Machine learning is a core technology of AI (artificial intelligence) . There are various methods for machine learning, but they can be divided into three types , “supervised learning,” “unsupervised learning,” and “reinforcement learning,” depending on the learning method and input data .
In this column, I will explain in detail the three types of learning methods of machine learning.
Supervised learning is a method in which a computer learns using a learning model built on data with known correct labels and numerical values . It is the simplest learning method of machine learning, and it is characterized by the fact that it is easy to obtain results that are close to the predictions made by humans in classification and prediction .
Supervised learning is also used when predicting the future from historical data . For example, market forecasts for stock trading and estimates of clients who often buy their products. To improve the accuracy of supervised learning , prepare learning data that makes it easy to extract features so that it can be classified as designed by humans .
Supervised learning tasks “identification” and “regression”
There are two typical tasks in supervised learning: “identification” and “regression”. “Identification” is to enter an image and classify it into several predetermined classes such as dogs and cats as the correct answer . “Regression” is a task such as inputting the temperature and predicting the sales volume of books .

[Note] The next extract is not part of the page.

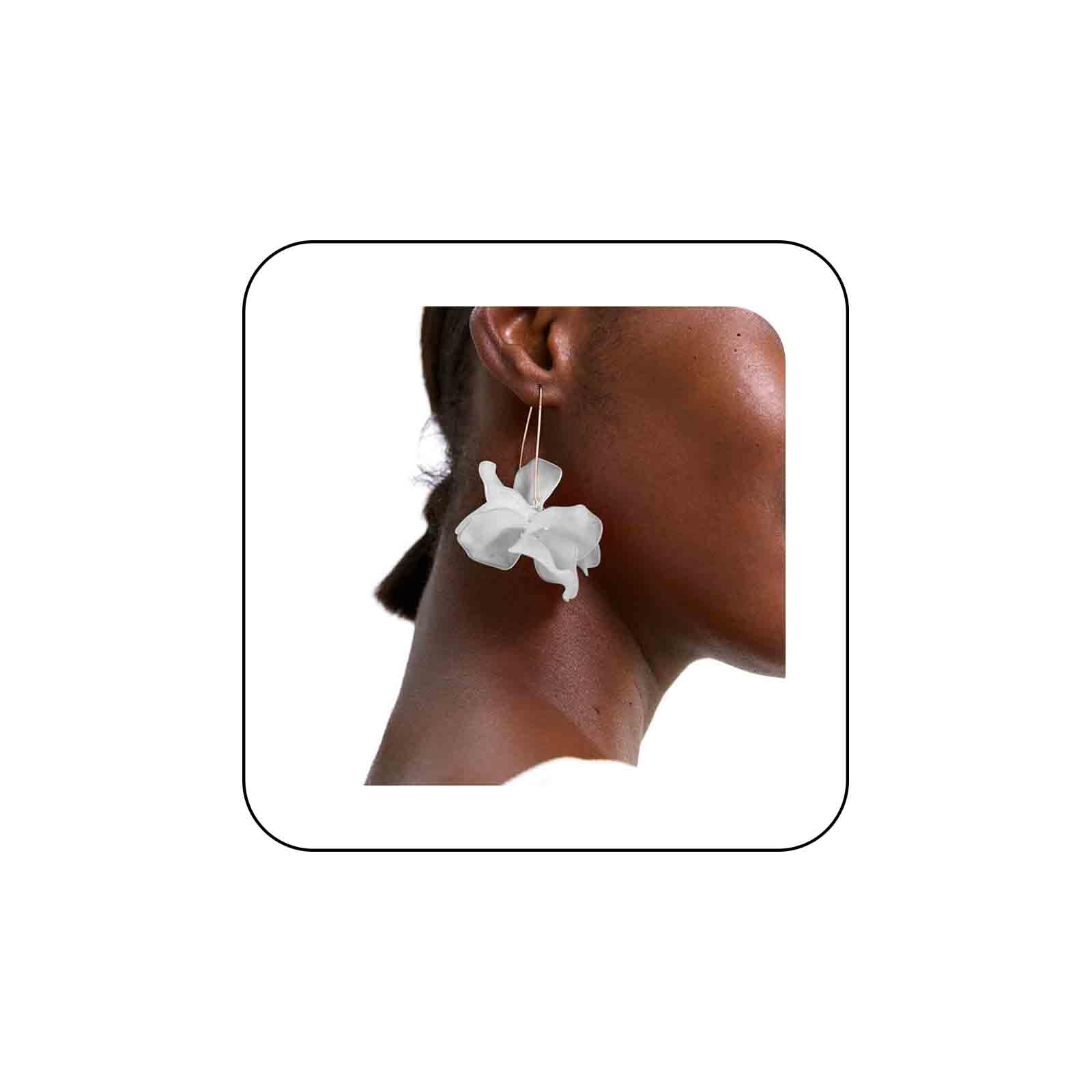 arete colgantes de flores acrílicas grandes, de pétalos blancos, de resina, florales, arete de declaración floral, aretes de novia y boda, joyería para mujer, Zinc, No es una piedra preciosa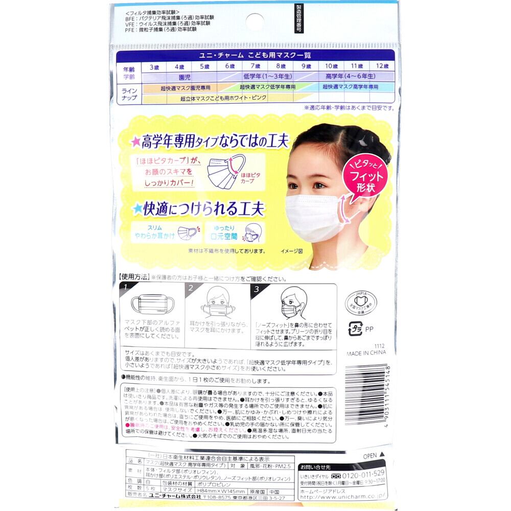 超快適マスク かぜ・花粉用 高学年専用タイプ 5枚入

For example, if you want to classify shoe images in supervised learning, prepare thousands to tens of thousands of pictures of various shoes as learning data. Label the images with the correct answers, “This is high heels,” “This is pumps,” and “This is boots.” The combination of this correct label and the huge amount of image data prepared is loaded into the machine learning program. From there, we will observe the combination of image data and correct labels to find a model for successfully classifying “high heels,” “pumps,” and “boots.”
Unsupervised learning is a learning method that finds groups with common characteristics and extracts information that characterizes the data from input data that does not have a correct answer label .
Clustering is a typical task of unsupervised learning . Clustering automatically finds data with similar characteristics from the data and divides it into several types of groups . For example, you can group users with similar purchasing behavior from user purchasing data such as age and gender consumption tendency, or extract user preferences from survey data.
Advantages and disadvantages of unsupervised learning
The advantage of unsupervised learning is that it is easier to get started than supervised learning because the data does not need to be labeled correctly . In addition, unsupervised learning can classify data without correct answer labeling , compared to supervised learning, which requires manual correct answer labeling .
On the other hand, since it is not possible to predict what kind of classification criteria a computer will create, it seems that while it is possible to find a classification method that humans cannot imagine, classification is not practically useful . There are also disadvantages such as being unable to determine how to use the results derived from unsupervised learning.
Unlike supervised learning and unsupervised learning, “reinforcement learning” is a method of finding the best judgment while actually acting on tasks that take time to produce results or require many repetitions . .. Of automobile automatic operation , the robot of control and AlphaGo (alpha go) has been used in games such as typified by.
As with unsupervised learning, only input is prepared as learning data, but rewards are given according to the quality of output (behavior) . The optimum solution is reached by learning by trial and error what kind of action should be taken to obtain the maximum “reward” .
Learning method and its principle in the case of reinforcement learning
At the time of input, decide the reward in advance, such as “If you can do it, +1 point”. At first, the computer is in a state of “I don’t know what to do”, so it will move randomly from the options I have prepared. However, when the reward is received, it remembers “what state” and “what” the reward was received.
Next, while leaving a random movement, it moves using the previous memory as a clue. If you get a reward again, you will remember “what you did” in “what state”. By repeating this process, you will acquire a pair of “state” and “action” that will give you a reward.
When you start keeping a dog or cat, you will use food to listen to human instructions. When dogs and cats receive rewards from humans, they begin to make trial and error on how to receive rewards (= food). Eventually, you will be able to realize the fact that you will receive a reward (= bait) in this process, and you will be able to earn a reward. Reinforcement learning is based on the same idea.